----- Input data -----
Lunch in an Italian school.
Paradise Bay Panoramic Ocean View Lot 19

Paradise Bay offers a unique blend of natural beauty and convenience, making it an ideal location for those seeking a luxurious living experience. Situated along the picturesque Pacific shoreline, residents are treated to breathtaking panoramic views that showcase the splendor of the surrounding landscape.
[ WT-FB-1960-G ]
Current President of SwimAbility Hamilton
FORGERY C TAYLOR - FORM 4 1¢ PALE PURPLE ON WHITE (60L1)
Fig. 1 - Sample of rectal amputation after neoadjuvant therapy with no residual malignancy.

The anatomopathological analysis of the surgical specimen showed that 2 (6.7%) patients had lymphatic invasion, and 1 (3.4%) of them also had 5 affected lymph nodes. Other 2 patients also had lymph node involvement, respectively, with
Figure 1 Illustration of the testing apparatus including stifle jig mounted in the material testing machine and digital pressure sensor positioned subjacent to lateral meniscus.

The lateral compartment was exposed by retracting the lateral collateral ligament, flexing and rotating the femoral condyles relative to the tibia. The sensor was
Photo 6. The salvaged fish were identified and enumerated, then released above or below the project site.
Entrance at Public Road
-----
----- Input data -----
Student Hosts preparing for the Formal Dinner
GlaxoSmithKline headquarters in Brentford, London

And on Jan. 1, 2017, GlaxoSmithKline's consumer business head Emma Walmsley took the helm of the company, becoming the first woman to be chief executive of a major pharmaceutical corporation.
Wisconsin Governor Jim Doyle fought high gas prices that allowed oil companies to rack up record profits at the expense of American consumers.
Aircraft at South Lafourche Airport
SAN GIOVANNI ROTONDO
-----
----- Input data -----
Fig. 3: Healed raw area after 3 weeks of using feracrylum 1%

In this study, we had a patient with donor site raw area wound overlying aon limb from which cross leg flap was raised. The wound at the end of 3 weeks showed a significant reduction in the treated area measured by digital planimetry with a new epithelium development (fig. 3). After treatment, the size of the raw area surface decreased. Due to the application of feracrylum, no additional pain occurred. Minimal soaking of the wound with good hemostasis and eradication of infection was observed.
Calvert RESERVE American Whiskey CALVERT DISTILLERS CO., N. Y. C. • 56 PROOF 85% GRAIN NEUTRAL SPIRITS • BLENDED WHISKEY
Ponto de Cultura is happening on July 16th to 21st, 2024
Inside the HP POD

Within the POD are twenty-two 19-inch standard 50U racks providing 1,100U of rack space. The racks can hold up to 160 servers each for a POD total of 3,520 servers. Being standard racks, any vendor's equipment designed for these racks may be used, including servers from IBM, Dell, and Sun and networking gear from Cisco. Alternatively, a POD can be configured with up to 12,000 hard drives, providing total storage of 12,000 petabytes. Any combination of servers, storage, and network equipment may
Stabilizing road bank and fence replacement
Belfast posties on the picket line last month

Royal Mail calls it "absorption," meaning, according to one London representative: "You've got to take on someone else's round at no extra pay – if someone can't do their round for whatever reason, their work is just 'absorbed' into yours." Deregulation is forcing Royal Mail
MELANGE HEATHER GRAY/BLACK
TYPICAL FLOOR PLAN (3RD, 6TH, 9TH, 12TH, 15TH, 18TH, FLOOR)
-----
Each line above with the word "lateral" must be returned.

> [Your response]
Figure 1 Illustration of the testing apparatus including stifle jig mounted in the material testing machine and digital pressure sensor positioned subjacent to lateral meniscus.
The lateral compartment was exposed by retracting the lateral collateral ligament, flexing and rotating the femoral condyles relative to the tibia. The sensor was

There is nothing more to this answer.